Today I read an article about using "Jenny's number" (867-5309) when signing up for stuff, and now that chorus is stuck in my head. :hairpull:


----------



## NonSenCe

earlier this week i was listening inside my head 

Light my fire.. by the doors.

and when i get tired of it, it somehow transforms into chorus of "Relight my fire" by take that! AARRGGH!

---
then later the week.. i was hearing this one: http://www.youtube.com/watch?v=dZbddv22u98 k7: come baby come.


----------



## mickeyjr308

How about the song called Voices by Russ Ballard from Miami Vice.


----------



## StarHalo

(Click the image)


----------



## correspondent

Back home we have a term for it...LSS - last song syndrome.


----------



## StarHalo

YADDAYADDALOODEE YOOP DEEDOODEE BALADEEDEEDOODEE OOOOOH / BALADEEDEEDOODEE OOOOOH / BALADEEDEEDOODEE OOOOOH..


----------



## H-Man

I managed to get this stuck in my head.
http://www.youtube.com/watch?v=dwTAXVcK1JA
How I managed to do that, I have no idea.


----------



## PhotonWrangler

With the passing of Davy Jones yesterday, I was reminded that the theme music from the old Monkees TV show would get stuck in my head once in awhile.

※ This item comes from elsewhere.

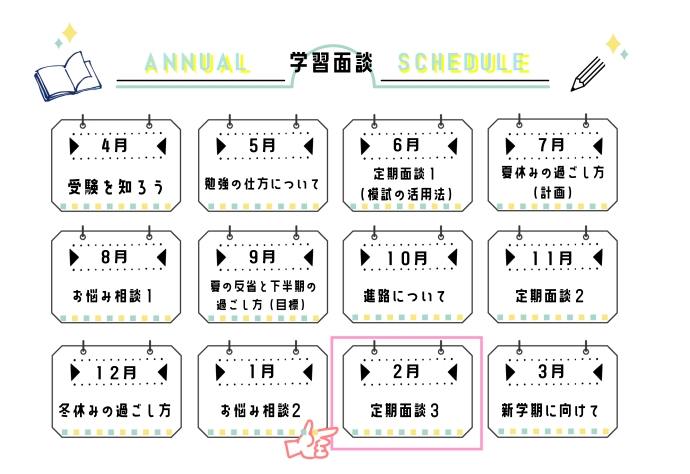 2月は個別教育センターに在籍されている個別指導生全員と学習面談を行う定期面談を実施いたします。冬休みの振り返りをはじめ、指導を実施している科目だけでなく、教科全体の学習状況のヒアリングや学習アドバイスを行います。また、学年末テストや新学期に向けた学習計画についても面談にてフォローいたします!

"Hey hey we're The Monkees..."


----------



## jabe1

PhotonWrangler said:


> With the passing of Davy Jones yesterday, I was reminded that the theme music from the old Monkees TV show would get stuck in my head once in awhile.
> 
> "Hey hey we're The Monkees..."



It happened to me Today! I remember watching the show as a child.


----------



## RBR

......


----------



## Dr Evil

It isn't a song but it still gets stuck in your head. lol

http://badgerbadgerbadger.com/


----------



## PhotonWrangler

Dr Evil said:


> It isn't a song but it still gets stuck in your head. lol
> 
> http://badgerbadgerbadger.com/



That one is right up there with Hampsterdance.


----------



## angelofwar

Van Morrisen "Brown Eyed Girl" always get's stuck in mine...we had an oldies station (KOOL 95?) growing up in Arkansas that my dad always listened too...I'm well versed in my oldies :0)


----------



## PhotonWrangler

Yeah, "Brown Eyed Girl" gets stuck in my head also.

Here's another one from the 70s... Baby Face by Wing and a Prayer Fife & Drum Corps. I like it, but wow does it get stuck in my head.


----------



## budynabuick

Lynx_Arc said:


> nothing like raindrops keep falling on my head..........
> .




LOL I have been singing "dead flowers" by the stones for THREE days and thanks too you I am now singing> "Raindrops keep falling on my head." Thank you as I needed a new song. Is it not amazing when singing in the head it sounds just like the recording? Yea it do

Keith- who now has "raindrops falling on his head!"


----------



## Lite_me

For me lately, it's been an Adele song. Every time I hear "Someone Like You" , it keeps coming back in my head later. I guess I like it.


----------



## budynabuick

Lee1959 said:


> You should have been in Michigan in the 70's when Mark "The Bird" Fydrych(sp) was playing for the Tigers, lol.




I could post on about a hundred of these posts but since there are so many, I"ll speak on this one. i have been at over a hundred concerts in my life and seen Hendrix, Who, Joplin, Dylan, doors, Beatles, Dave Clark Five, Moody Blues, Garth Brooks, Rod Stewart and faces and the list goes on and on. But the most electric thing I have ever experienced was in 74 at old Tiger Stadium when I got to see the "Bird" pitch!!! When a packed stadium stood at the same time and let out in unison the loudest yell I have EVER heard in my life! He went 9 and pitched a two hitter. Thanks Lee for naming this great pitcher and wonderful man. He died in his forties working on his farm while repairing a tractor and getting twisted up in, I believe, a power take off unit. BTW Lee, as an aside, my departed grandad, Fred Wilde, was a second cousin with Mr. Wilde in your sig line. I"ll stop by saying this is a fun thread and you guys have some great (with a few exceptions lol)music stuck in the head.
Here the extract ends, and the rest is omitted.